As states get closer to accepting applications for $42.5 billion in BEAD rural broadband funding, more defaults in the previous RDOF rural broadband funding program could be coming.

The potential defaults involve network operators that had winning bids in the RDOF program in 2020 but who have not yet undertaken the deployments for which they won funding. The FCC, which administered the RDOF program, did not authorize funding for some winning bidders until 18 months or so after the auction was completed, by which time deployment costs had risen substantially as a result of the COVID pandemic.

Some RDOF winners now say they cannot do the deployments for which they won funding unless the FCC makes additional funding available to them. The FCC appears unlikely to do that, but the commission has said it would consider relaxing default penalties for RDOF winners that cannot afford to build.

Until the situation is resolved, some rural communities that expected to get RDOF builds not only may not get those builds; they also may be ineligible for BEAD funding. Areas slated for RDOF builds are ineligible for BEAD funding, according to the rules for that program.

Some areas slated for builds funded through the Connect America Fund (CAF II) program also are in peril for the same reasons.

Potential RDOF Defaults

Seventy stakeholders sent a letter to FCC Chair Jessica Rosenworcel today urging the commission to waive or reduce RDOF and CAF II default penalties for a short time period for those winners who have found themselves in limbo.

Among the stakeholders signing the letter are broadband providers, trade associations, state and local officials, school districts, unions and civil society organizations.

According to Gigi Sohn, executive director of the American Association for Public Broadband, the “vast majority of signatories are in areas that would be impacted.”

“There are large Texas and Mississippi contingents that would be adversely affected by the issue at hand,” Sohn said in an email in response to an inquiry from Telecompetitor.

The American Association for Public Broadband is also one of the signatories. Some other notable signatories include the Benton Institute for Broadband & Society, the Communications Workers of America, Connect Humanity, the Mississippi Broadband Association and US Ignite.

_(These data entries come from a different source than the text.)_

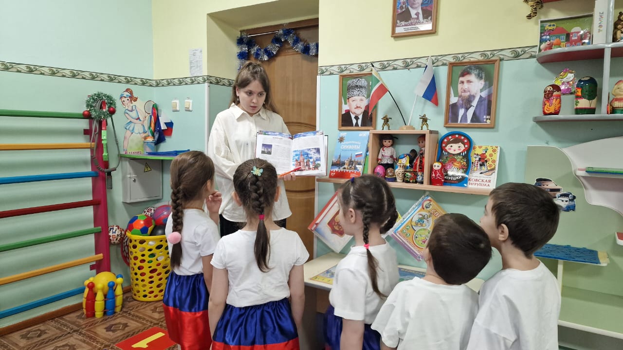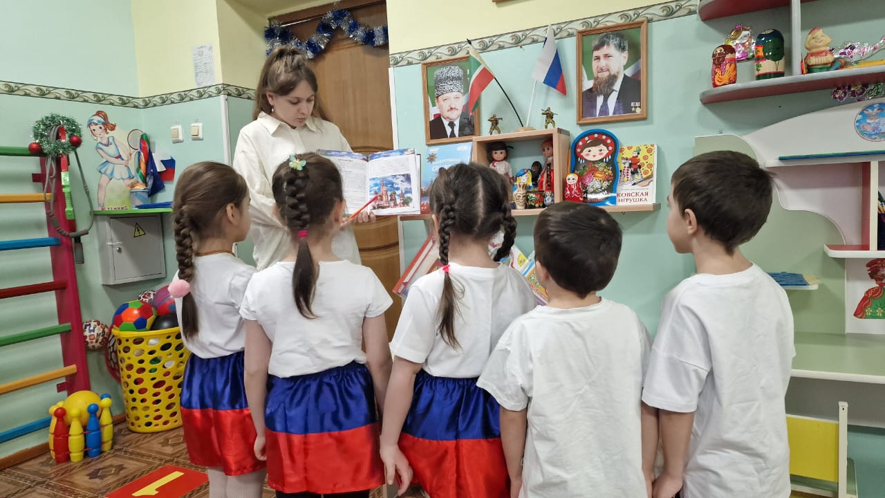 Затем Воспитатель рассказывает о столице России — городе Москве, показывая иллюстрации с изображением главной достопримечательности — Московского Кремля.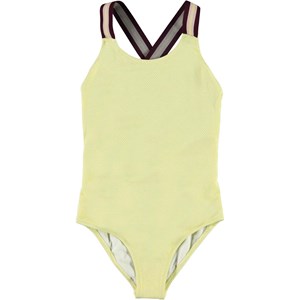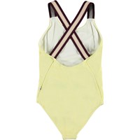 Neve is a light yellow swimsuit with thin silver threads woven in as well as wide striped straps that cross on the back. The straps are in gold and bordeaux stripes. Molo's swimwear has a UV protection of 50+. The product is CE-marked and tested according to standard EN-13758-1.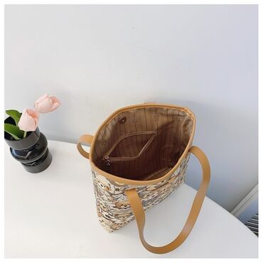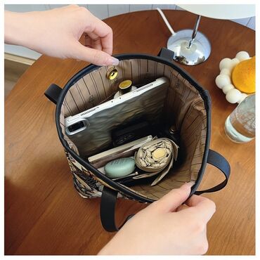 Вместительная женская сумка-шоппер с интересным принтом. Внутри - одно основное отделение с подкладкой и небольшим карманом на молнии для мелочей.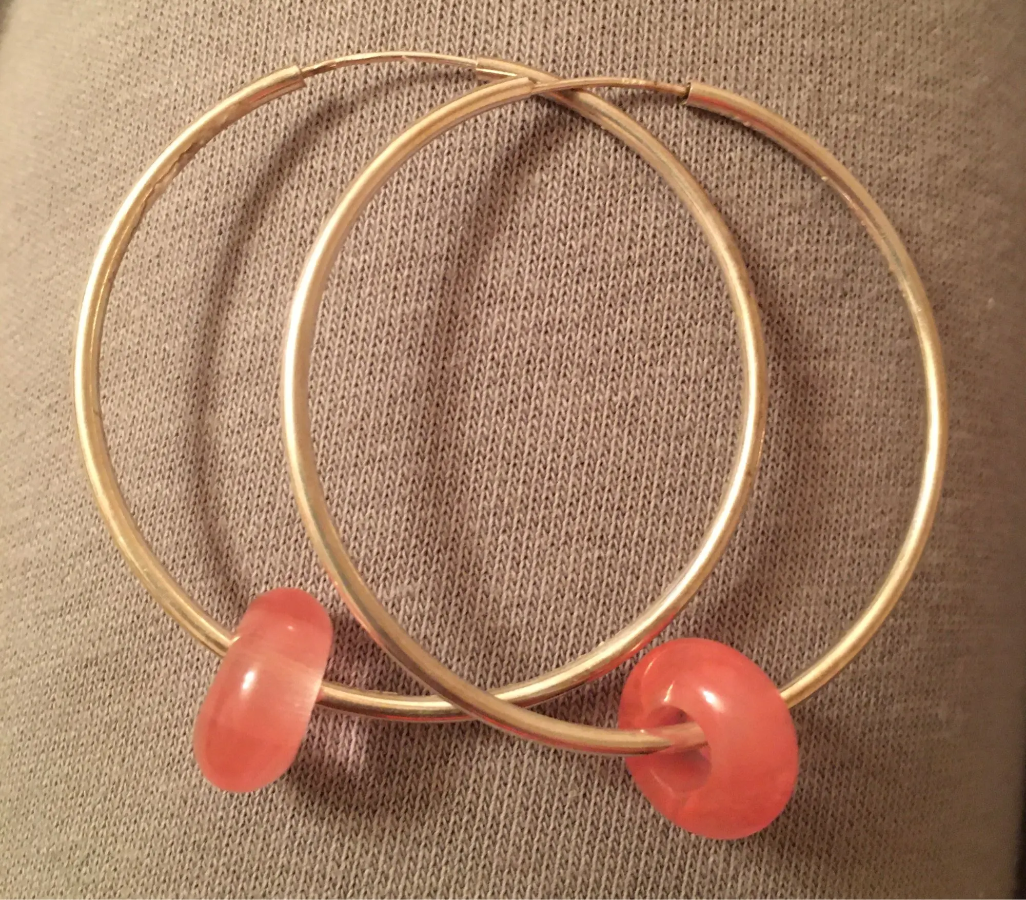 небольшие пухленькие колечки,доставка почти месяц до Москвы,есть отличия в оттенках.Обращайтте внимание на внутренний диаметр бусин,мне род сережки не подошли я правда,когда сережки заказывала тоже была не очень внимательнаупаковано было хорошо,при транспортировке колечки не повредились,но сам пакет, в котором они лежали был порван,но никак это ни на что не повлияло.пришло совместно с заказом из другого магазина-гигантскими серёжками,которые я планировала к этим пончикам
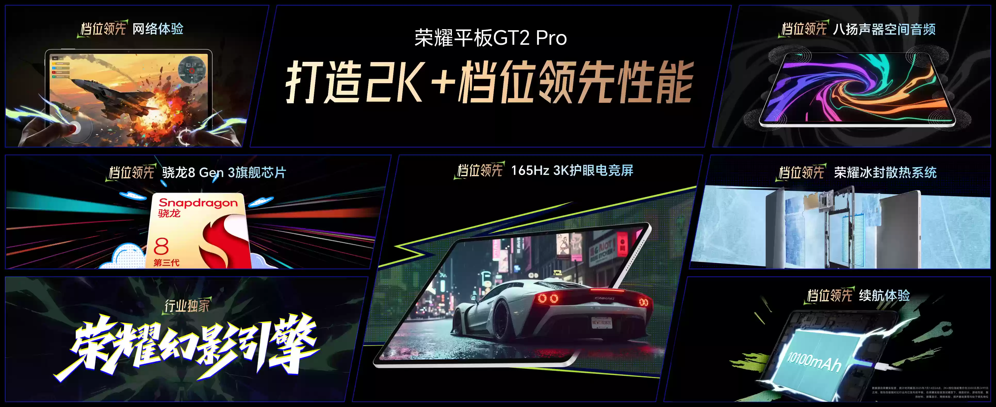同期发布的新品还有荣耀平板GT2 Pro,在显示、性能、续航等领域领先同档,持续引领电竞旗舰平板体验。新品搭载骁龙8 Gen 3旗舰芯片,在行业独家幻影引擎加持下,释放满血性能,重载场景帧率依然稳如直线;165Hz 3K高刷超清极致显示素质,打造档位最强护眼电竞屏幕体验;10100mAh超大电池,为电竞激战保驾护航。荣耀平板GT2 Pro将于7月28日正式开售,国补优惠价2124.15元起,对新品感兴趣的消费者,可关注荣耀商城7月21日开启的先锋体验活动,届时可抢先购买,尊享电竞旗舰,体验快人一步。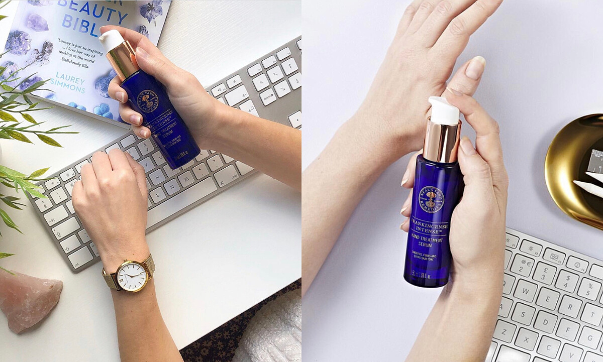 針對重視手部保養問題所設計,尼爾氏香芬庭園 Neal’s Yard Remedies推出第一瓶有機認證高效手部精華,採用NYR所見長的以高品質阿曼乳香精油,幫助提升肌膚緊緻度、改善皺紋及細紋,並放鬆肌肉緊繃。帶有香甜氣味與木質香氣的頂級阿曼乳香,在保養過程同時以吸嗅的方式感受乳香的力量,放鬆疲憊情緒。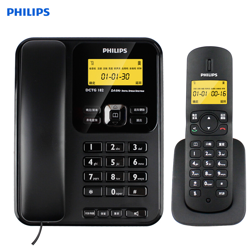 飛利浦(PHILIPS)無繩電話機(jī) 無線座機(jī) 子母機(jī) 辦公家用 可擴(kuò)展子機(jī) 中文菜單 雙免提 DCTG182一拖一(黑色)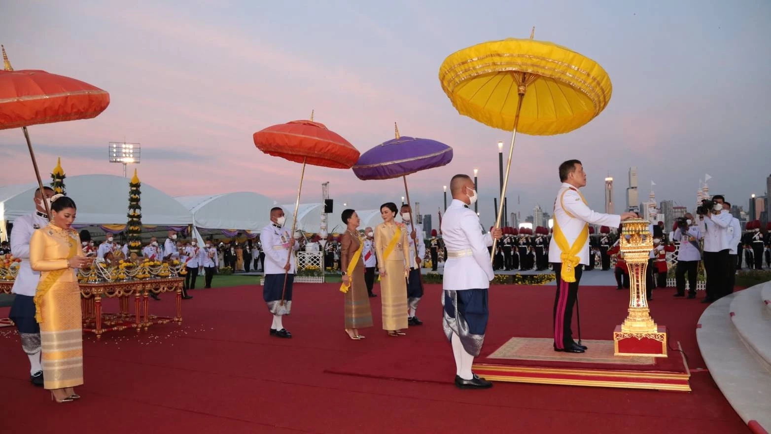 พระบาทสมเด็จพระเจ้าอยู่หัว ทรงวางพุ่มดอกไม้ ทรงจุดธูปเทียนเครื่องทองน้อยถวายสักการะ ทรงกราบ สมเด็จพระนางเจ้าฯ พระบรมราชินี ทรงวางพุ่มดอกไม้ของสมเด็จพระนางเจ้าสิริกิติ์ พระบรมราชินีนาถ พระบรมราชชนนีพันปีหลวง และทรงวางพุ่มดอกไม้ส่วนพระองค์ ทรงจุดธูปเทียนเครื่องทองน้อยถวายราชสักการะ ทรงกราบ

According to Sohn, the letter was organized as a “collaborative effort” and “a number of organizations helped organize this letter. It was truly a group effort and no one organization was the organizer.”

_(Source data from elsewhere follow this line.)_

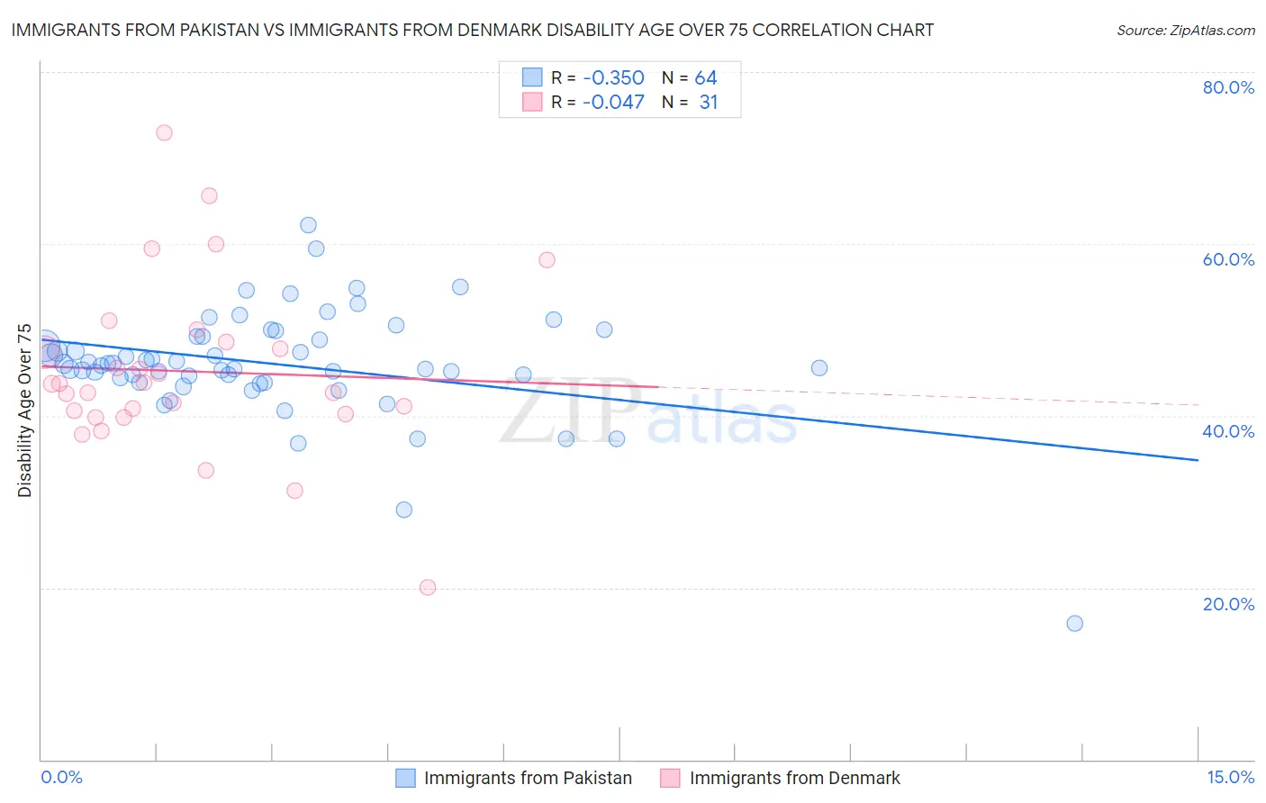 Immigrants from Pakistan vs Immigrants from Denmark Disability Age Over 75 Correlation Chart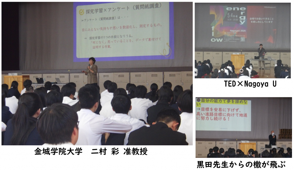 3年生全員が「総合的な探究の時間」で取り組む「課題研究」の手法を講演会形式で学習しました。①MACHIKOYA加藤さん、神谷さんによる地域連携の説明 ②金城学院大学人間科学部多元心理学科 二村 彩 准教授を講師に迎え、生徒課題研究の手法(テーマ設定・仮説構築・アンケート調査の注意点ほか)のガイダンス ③5/4に開催される TED×NagoyaUの紹介 ④図書館司書の堂向さんによる図書館利用と文献調査の説明 ⑤学年主任の黒田先生による講話「この一年をたくましく乗り切るために」これから課題研究に取り組む生徒は、この講演会によって具体的なイメージをつくることができました。
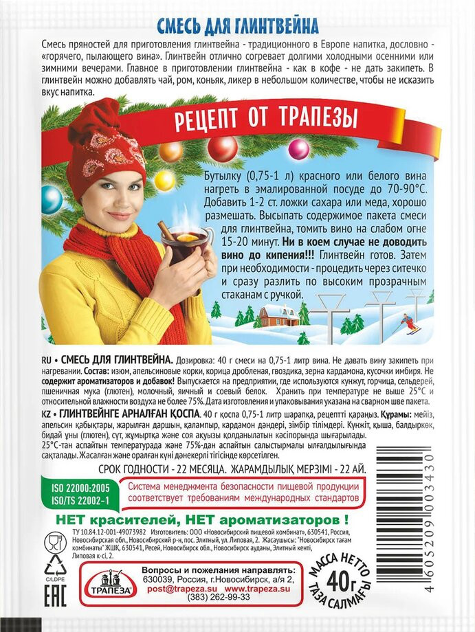 Трапеза Смесь для глинтвейна+15 приятный вкус хорошее качество удобная упаковка универсальность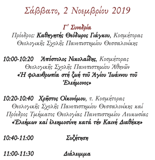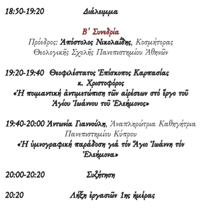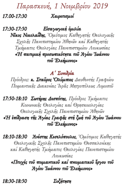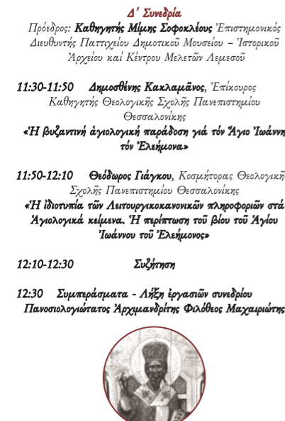 Η Ιερά Μητρόπολη Λεμεσού σε συνεργασία με το Τμήμα Θεολογίας του Πανεπιστημίου Λευκωσίας, μέσα στα πλαίσια των εκδηλώσεων για τον Πολιούχο Άγιο της Μητροπόλεώς, Ιωάννη τον Ελεήμονα και τα 1400 χρόνια από την κοίμηση του, διοργανώνει Επιστημονικό Συνέδριο με Θέμα “Άγιος Ιωάννης ο Ελεήμων. Ιστορία, Θεολογία, Πνευματική Ζωή”.

According to the letter, some of the areas that are in peril are in states such as Missouri and Mississippi that have the greatest connectivity needs.

“The commission should not permit these unserved rural communities to face this type of double whammy and be left behind once again,” the letter argues.

Defaults already have impacted about a third of the total $9.2 billion that the FCC expected to award in the RDOF program. As a result, the commission could experience a double whammy of its own.

To date, companies that won funding but defaulted have faced stiff penalties for doing so. If the commission opts to allow other winning bidders to default without penalties, there undoubtedly will be protests from companies that already defaulted. In addition, the total amount in RDOF defaults will climb even higher.

If the commission doesn’t make that move, however, it will feel increased pressure and criticism from unserved communities that are in danger of not receiving any funding for broadband builds.